Some of the key changes that happen include, thinning skin with lower collagen levels, loss of elasticity, fine lines and wrinkles, dryness, sensitivity, and problem skin.

Dry skin, itching, sensitivity, and compromised barrier function

Hyaluronic acid plays a crucial role in ensuring the skin stays hydrated and comfortable. Normal skin produces its own hyaluronic acid, but the amount that we produce drops as we get older.

One of the reasons behind this is thought to be related to oestrogen decline. Scientists believe that oestrogen stimulates skin to produce hyaluronic acid – so when there is less oestrogen in the body, less hyaluronic acid is produced. As a result, skin may appear dry, less plump and lacking in hydration.

Oestrogen also helps to maintain the skin barrier. The upper skin layers create a waterproof barrier of the skin that locks moisture in and keeps unwanted irritants out. However, when levels of oestrogen drop, the barrier becomes weaker, leading to a decrease in hydration levels in the skin.

Skin can become dry, cracked, and uncomfortable, with itching and irritation common. In some cases, some women also experience tingling, rashes, or numbness when their skin becomes dry.

Ingredients such as hyaluronic acid, ceramides, vitamin A and omega fatty acids are ideal to support skin during the menopause. 

Thinning skin, fine lines and wrinkles

Did you know you lose 30% of collagen in the first five years of the menopause[4]? So, there’s a good reason for looking after our skin’s collagen–read our guide to collagen here to discover more. Collagen is a protein that helps to provide the foundation for our skin – creating a structure that keeps it plump and resilient. Lower collagen and elastin levels cause the skin to become thinner, less firm and make fine lines and wrinkles appear more visible. Look for collagen supporting ingredients including zinc, vitamin C, MSN, and phytonutrients. These should all be a priority in building healthy, resilient collagen. 

Problem skin

Frequently considered a teenage skin concern, problem skin can become a common complaint for menopausal women.

Some women may experience acne, and similarly to teenage acne, menopausal acne is thought to be connected to the changing levels of hormones within the body.

“Problem skin becomes more likely in menopause because of the changing ratio of our hormones. As oestrogen drops, unopposed androgens [“male” hormones including testosterone] can increase the likelihood of developing acne,” explains Dr Gaby, medical director.

Changes to the skin’s pH, and to the levels of oil produced by the skin are also thought to contribute to the increased likelihood of problem skin during the menopause. 

Menopause and the gut

If you don’t already know about the close connection between the microbiome and the skin– read up on our on the gut-skin connection here.

With its myriad of connections to wellbeing, a connection to the menopause is, perhaps, not a surprise.

There is a specific group of bacteria in the gut that helps process and transport oestrogen through the body, so when oestrogen levels begin to change, the formation and diversity of our gut bacteria also changes.
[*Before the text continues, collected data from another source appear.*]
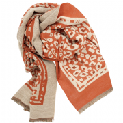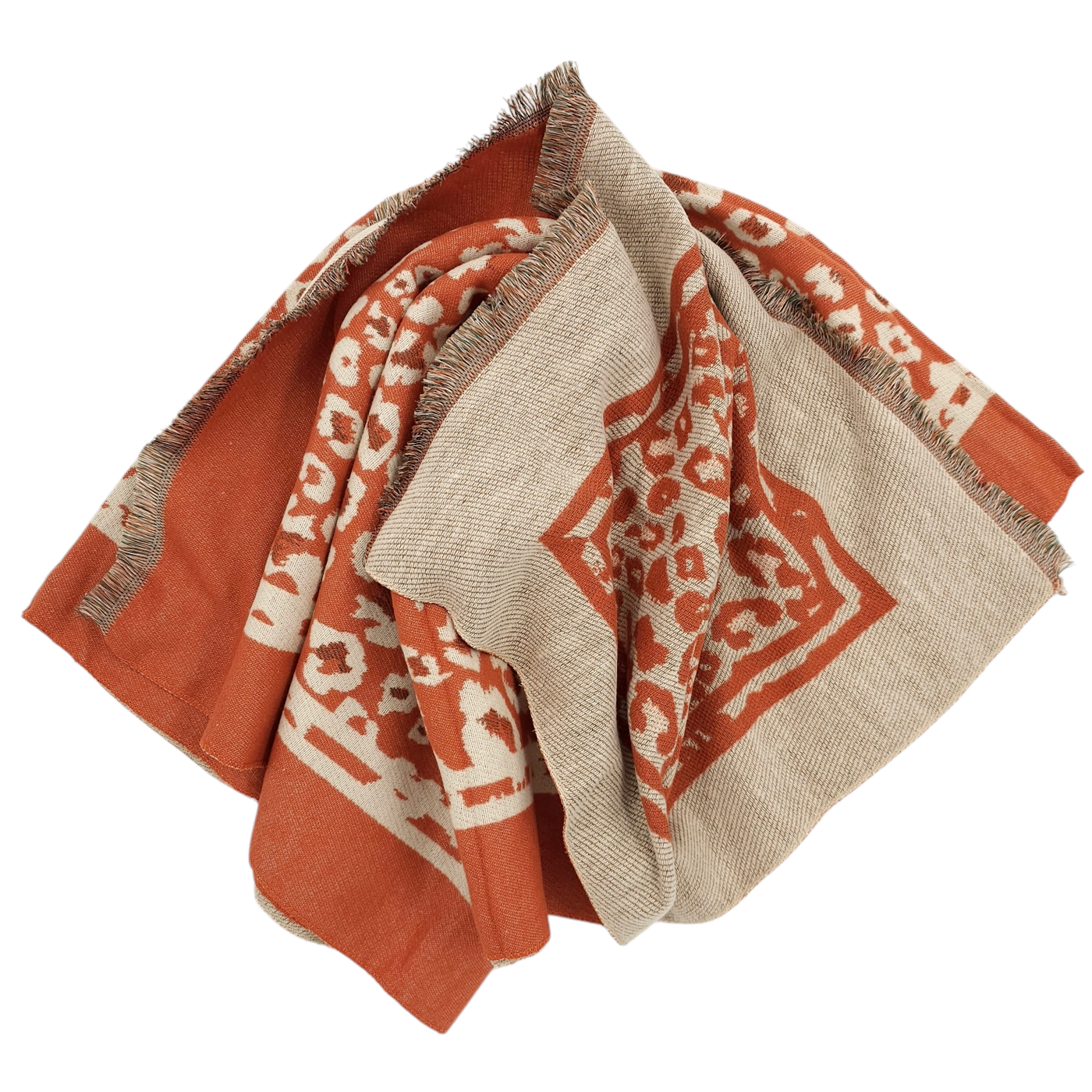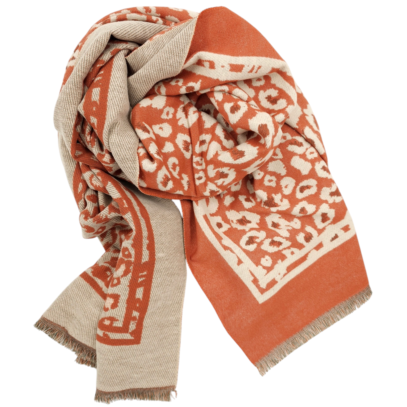Πορτοκαλί και μπεζ blanket πασμίνα διπλής όψης animal print από σύμμεικτο μαλλί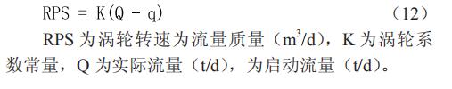 ①吸汽量。計算射孔層位吸汽量,可以通過六參數(shù)儲罐液位計的渦輪流量計實現(xiàn)。忽略低流速時渦輪的非線性響應(yīng)及密度對渦輪轉(zhuǎn)速的影響,則渦輪轉(zhuǎn)速 RPS 與流速成正比 :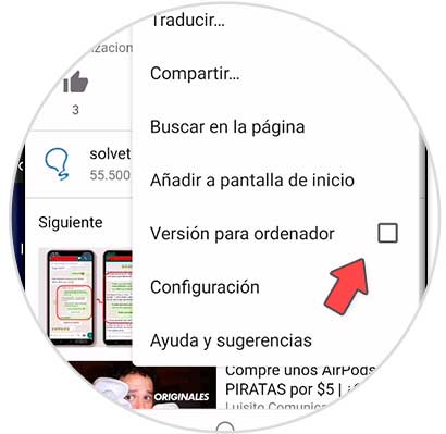 Empezamos a reproducir un vídeo. Veremos que si cambiamos de pestaña el vídeo se parará. Para impedirlo pulsa en los 3 puntos superiores y elige “Versión escritorio”.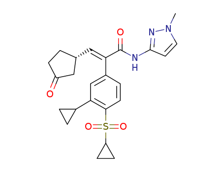 - Synonyms:(2E)-2-[3-cyclopropyl-4-(cyclopropylsulfonyl)phenyl]-N-(1-methyl-1H-pyrazol-3-yl)-3-[(1S)-3-oxocyclopentyl]acrylamide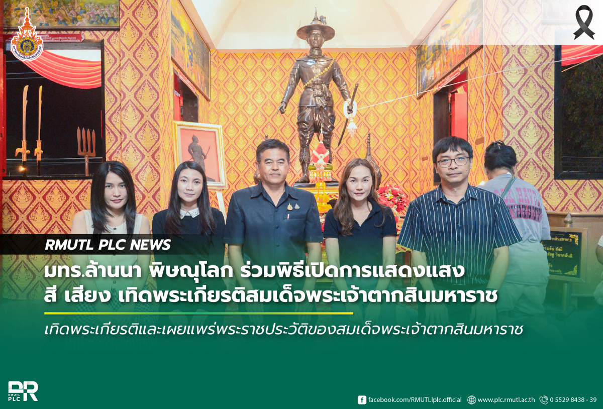 วันที่ 28 ธันวาคม 2568 เวลา 18.00 น. ณ วัดปากพิงตะวันตก ตำบลงิ้วงาม อำเภอเมืองพิษณุโลก จังหวัดพิษณุโลก นายบุญฤทธิ์ สโมสร ผู้อำนวยการสำนักงานบริหาร มหาวิทยาลัยเทคโนโลยีราชมงคลล้านนา พิษณุโลก พร้อมด้วยคณาจารย์และบุคลากร เข้าร่วมพิธีเปิดการแสดงแสง สี เสียง เทิดพระเกียรติสมเด็จพระเจ้าตากสินมหาราช โดยมีนายบุญเหลือ บารมี รองผู้ว่าราชการจังหวัดพิษณุโลก เป็นประธานในพิธี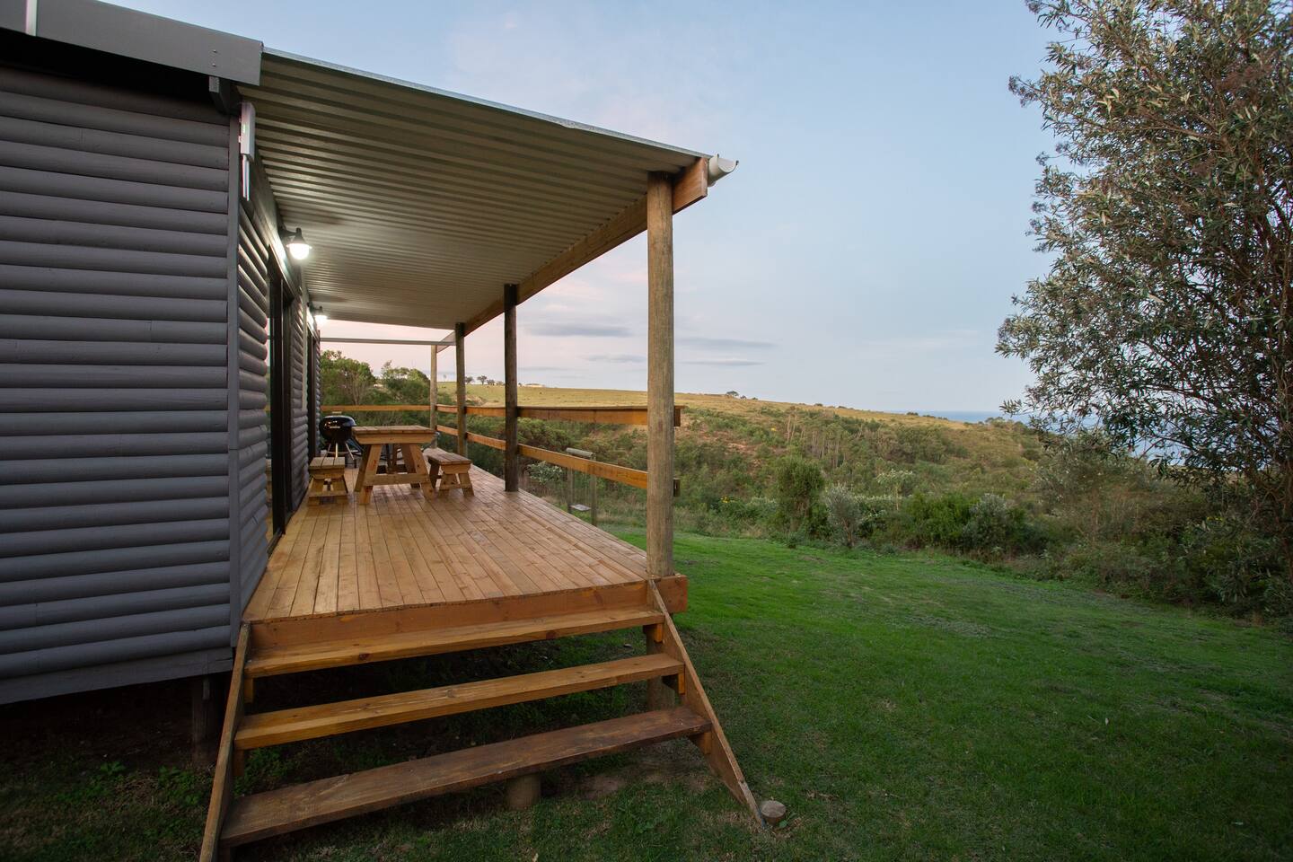 Perched on a guest farm above the sea, our secluded hideaway offers a unique escape from the everyday. Stay in a cozy cabin, experience luxury under the stars in our glamping tent, or unwind in our spacious 3-bedroom guesthouse—each designed for ultimate comfort and serenity.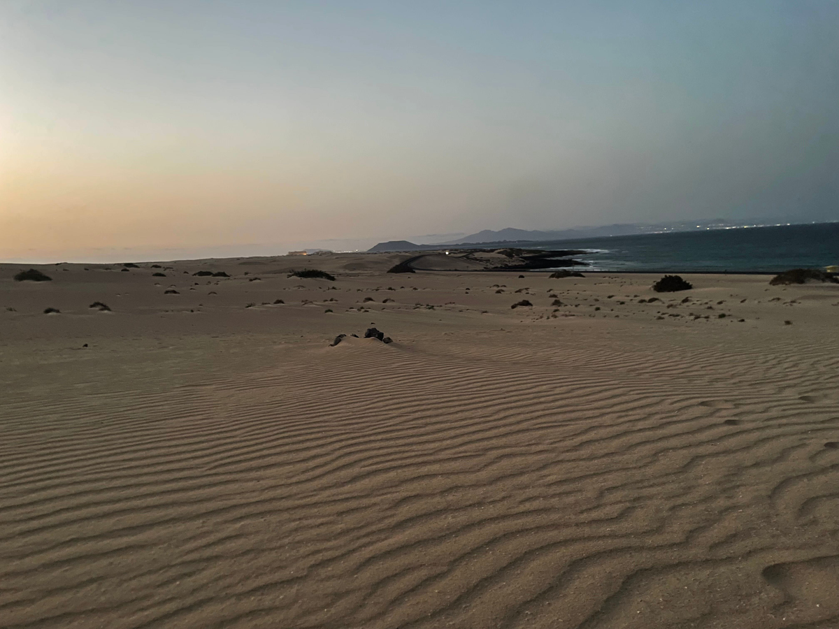 Dunas de Corralejo at dusk, in Fuerteventura, Spain.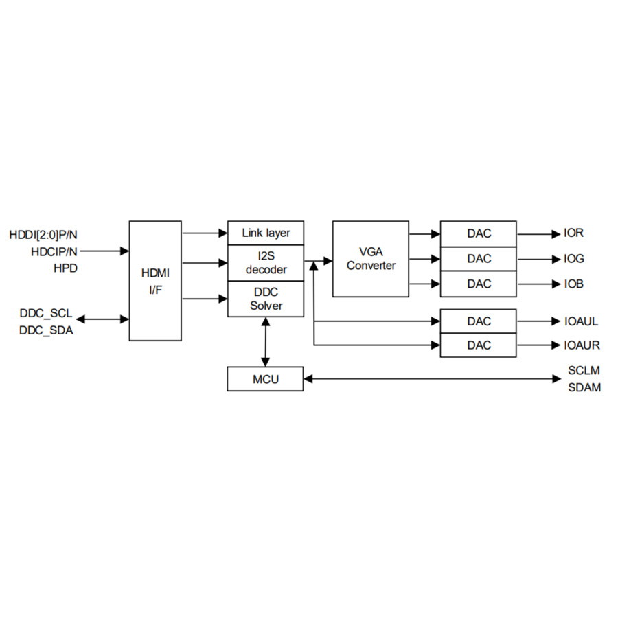 NCS8821 is a low-cost, low-power, the HDMI1.4 high resolution video to VGA converter. It consists of HDMI receiver, three separate 10-bit video Digital-to-Analog Converters (DACs) and audio encoder. This is a single-chip solution for HDMI to VGA adapter, Docking station and etc. The HDMI receiver is compliant with HDMI 1.4a specification. The VGA output can support up to WUXGA (1920*1200 CVTRB@ 60Hz). The 4mm*4mmQFN32 package can save the PCB spaces.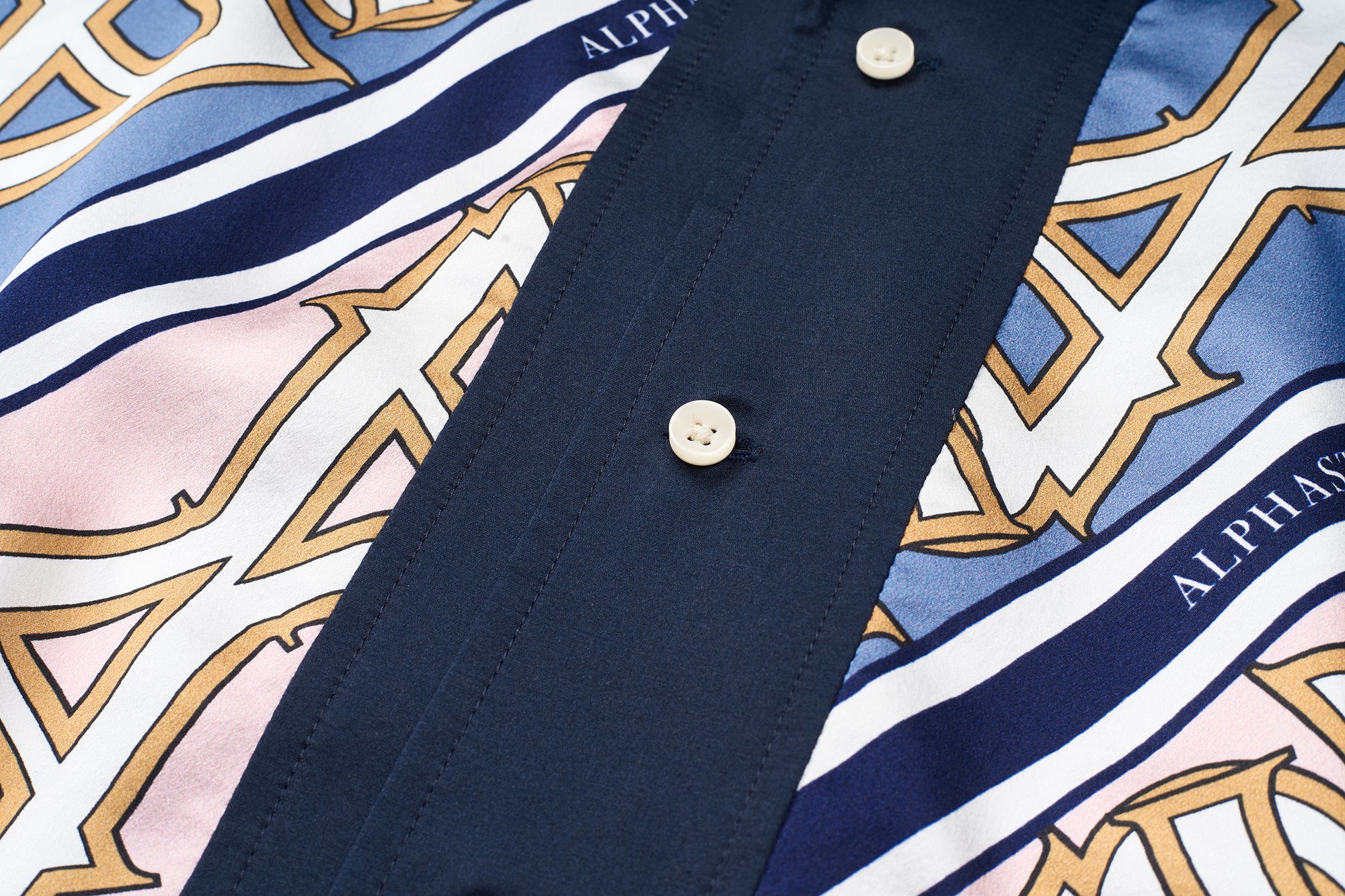 Easy vacation energy meets polished detailing in this cabana shirt. Cut from smooth poly satin with an allover print, it delivers lightweight comfort and a fluid drape that moves with you. The short-sleeve silhouette is framed by a tonal solid collar and matching button placket, while crisp white binding along the collar adds a fresh point of contrast. At the back, center pleats enhance mobility and shape, finished with a solid-color locker loop for a subtle utility touch. Relaxed yet refined, this shirt pairs effortlessly with tailored trousers or swim shorts for warm-weather versatility.

Maintaining a diverse, healthy microbiome is vital to overall wellbeing and skin health and promoting microbiome diversity is important to support your gut, skin health and overall wellbeing.

Discussing the physical and emotional challenges that the menopause and perimenopause bring is a rarity – but understanding, discussing, and breaking the taboo is vital to help navigate the changes happening with confidence and comfort.

Understanding the changes that happen to your skin during the menopause can help you prepare and overcome any worries or concerns on the matter. Ingredients such as hyaluronic acid, ceramides, vitamin A and omega fatty acids are all essential ingredients to support skin health during the menopause and should be considered as essentials for your skincare regime to help you navigate this time of change.


  1. Half of UK women suffer with dry skin during the menopause. Professional Beauty. September 2020.
  2. Overview menopause.NHS. May 2022.
  3. Menopause. Mayo Clinic. May 2021.
  4. Estrogens and ageing skin. April 2013.